None. Or, who knows... you have a case sensitive sort in Drupal 7? Well, that was a bug!

API changes

None.

#2068655: Entity fields do not support case sensitive queries
#1237252: DB Case Sensitivity: Allow BINARY attribute in MySQL.

Comments

catch’s picture

Category: bug » task
Priority: Major » Critical

Re-classifying since we already have issues open for the functional bugs.

c960657’s picture

This was also discussed in 2009 in #333054: Make all varchar columns case sensitive (regression) (was make page cache case sensitive). But much has changed in the db layer since then, so I suggest we restart the discussion here.

c960657’s picture

Here is some info on how other database engines handles this:
http://stackoverflow.com/questions/12855/database-case-insensitive-index

According to this, MS SQL uses collations like MySQL, and Oracle and DB2 use special indexes like PostgreSQL.

greg.1.anderson’s picture

webchick’s picture

Priority: Critical » Major

We are over thresholds, blocking progress on Drupal 8, and there's been no patch for this issue, nor a plan of attack. I am demoting to major. If this is incorrect, please specify why.

chx’s picture

Issue summary: View changes

Updated issue summary.

chx’s picture

Title: Normalize how case sensitivity is handled across database engines » Non-MYSQL engines sort binary FALSE case sensitively
mikl’s picture

Title: Non-MYSQL engines sort binary FALSE case sensitively » Normalize how case sensitivity is handled across database engines

As someone who runs Drupal on PostgreSQL routinely, I see this as a minor issue (I've never had complaints).

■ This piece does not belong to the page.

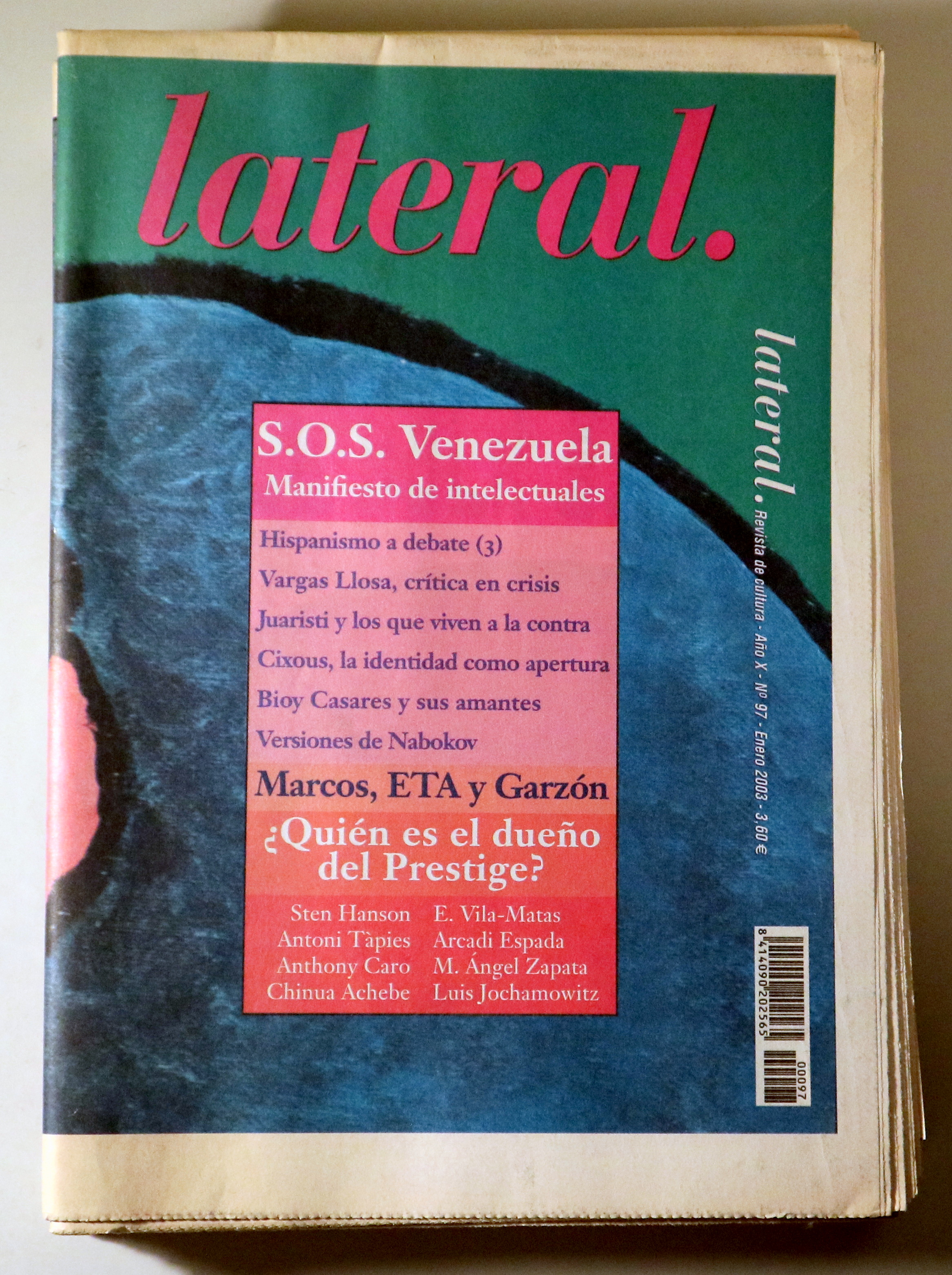 Barcelona, Lateral Ediciones, 2003. Año X, Nº 97. Ilustraciones y fotografías en b/n. 45 p. Gran folio. Rústica editorial ilustrada. Desgaste leve. Buen ejemplar. W.G. Sebald. Auden contra Marañón. Versiones de Wittgenstein, Poesías de Juan Gelman y Arnau Pons.Guerín en construcción. Etc.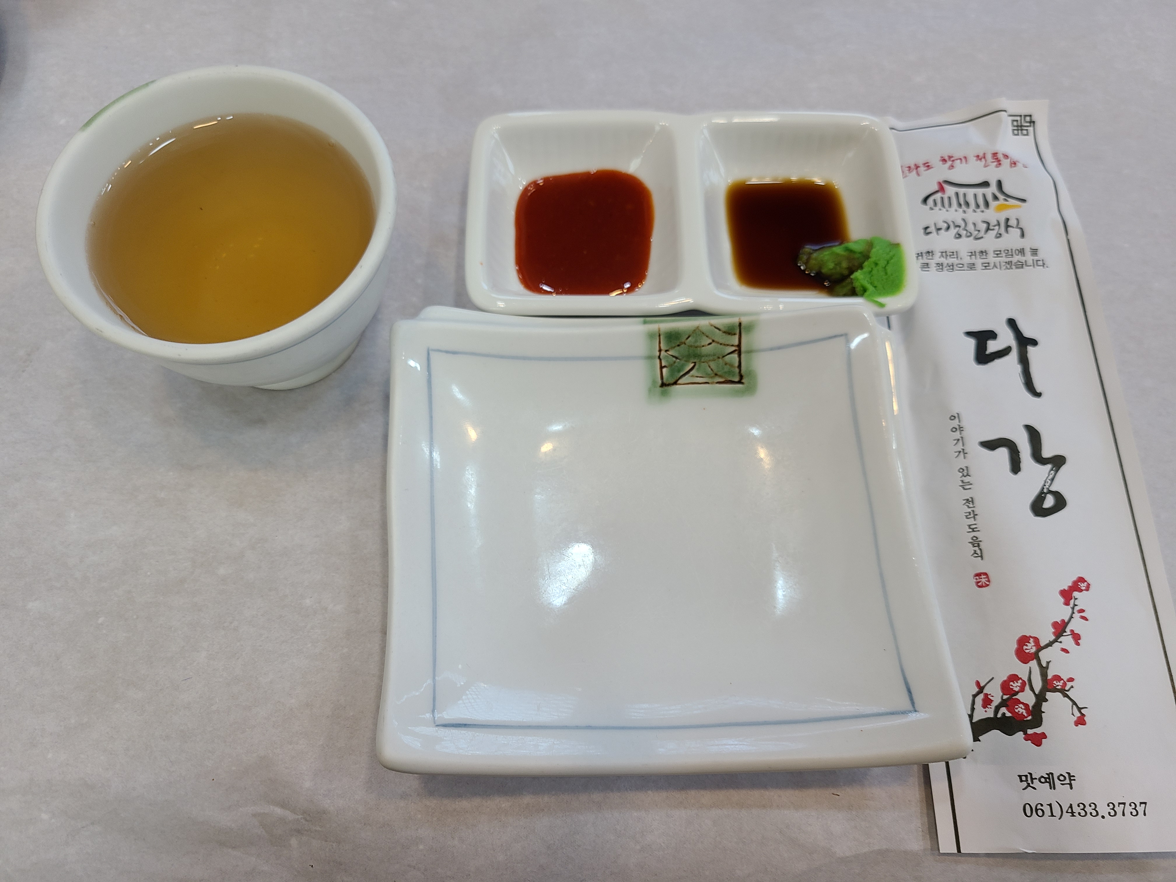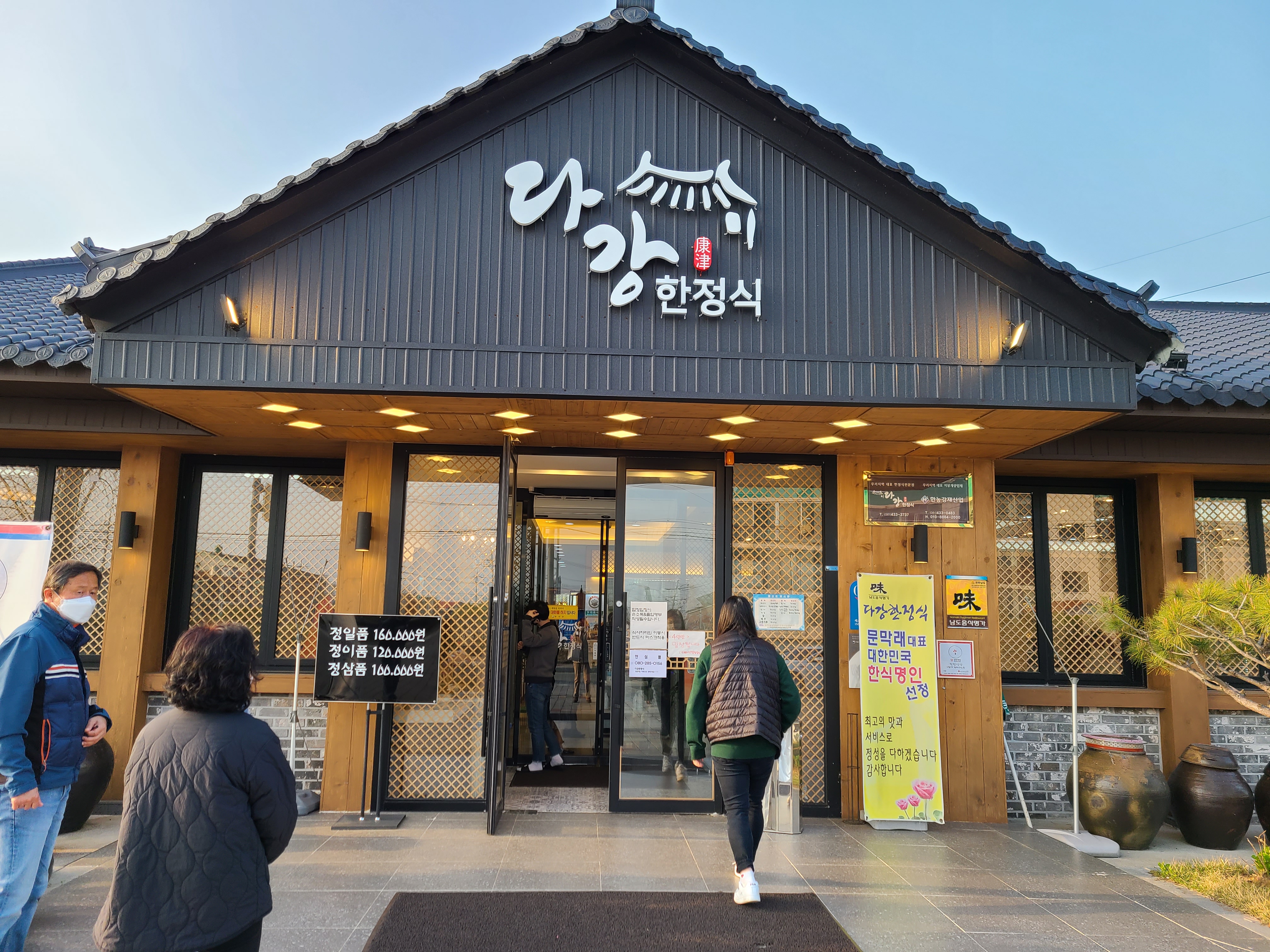 우리는 너무 맛있게 잘 먹어서 후식이 나오는 것도 기다리지 못하고 일어섰는데 나오는 우리에게 수정과를 내어 주었다. 수정과의 향이 입안에 남은 음식 냄새를 개운하게 해주는 것 같아 좋았다. 그동안 여러 번 강진을 방문했지만 이번에 다강 한정식에서 먹은 한정식이 가장 맛있었다. 다음에 다른 가족들하고도 이곳을 찾아와야 할 것 같다.

If it can be worked around by requiring newer versions of PostgreSQL, fine by me, but requiring you to install plugins for PostgreSQL would be a major headache for sysadmins, making the cure worse than the disease, IMO.

chx’s picture

Install plugins no, it's one CREATE EXTENSION command on 9.1 and later.

mikl’s picture

Yeah, that should not be a problem if we use the CREATE EXTENSION IF NOT EXISTS variant. CREATE EXTENSION requires superuser access to the database cluster, so for security, you should not have Drupal run it, but rather run it with the a superuser account before installing Drupal.

mikl’s picture

Issue summary: View changes

Updated issue summary.

bzrudi71’s picture

chx’s picture

Issue tags: +sqlite

This means we need to add per driver test exclusions since the test that lead @bzrudi71 here can not pass on SQLite.

amateescu’s picture

Note that I've implemented a fix for the SQLite driver in #2454733: Add a user-space case-insensitive collation to the SQLite driver.

daffie’s picture

Issue summary: View changes

Both MySQL and SQLite now support case sensitive queries. PostgreSQL can support it with the citext module. If we require the citext module for PostgreSQL all three supported databases support case sensitive queries. I am for the requirement of the citext module. We can add it in this issue or create a new issue for it.

bzrudi71’s picture

Given that this will/should fix two remaining test fails and make PostgreSQL behave as any other DB we should at least try to create proof-of-concept patch and see if that works as expected. If it works and we decide to go for it, this will require changes to the Installer and Documentation and also patches for the docker containers (not to forget ;-)

bzrudi71’s picture

Okay, I gave that a very quick test. Enabled CITEXT and matched all varchar and text types to citext in Schema->getFieldTypeMap(). Install works fine and the types changed in database (USER-DEFINED):

d8=# select column_name, data_type, character_maximum_length
d8-# from INFORMATION_SCHEMA.COLUMNS where table_name = 'node__body';
 column_name  |  data_type   | character_maximum_length 
--------------+--------------+--------------------------
 bundle       | USER-DEFINED |                         
 deleted      | smallint     |                         
 entity_id    | bigint       |                         
 revision_id  | bigint       |                         
 langcode     | USER-DEFINED |                         
 delta        | bigint       |                         
 body_value   | USER-DEFINED |                         
 body_summary | USER-DEFINED |                         
 body_format  | USER-DEFINED |                         
(9 rows)

d8=#

And yes, that makes taxonomy TermTest pass now. But it doesn't fix the views GlossaryTest. A quick run of the database test group shows a new exception in CaseSensitivityTest (seems easy to fix btw). I think a full test run will show even more new fails and exceptions, on the other hand we could cleanup the pg-driver itself by removing some quirks like LIKE->ILIKE rewrites and so on.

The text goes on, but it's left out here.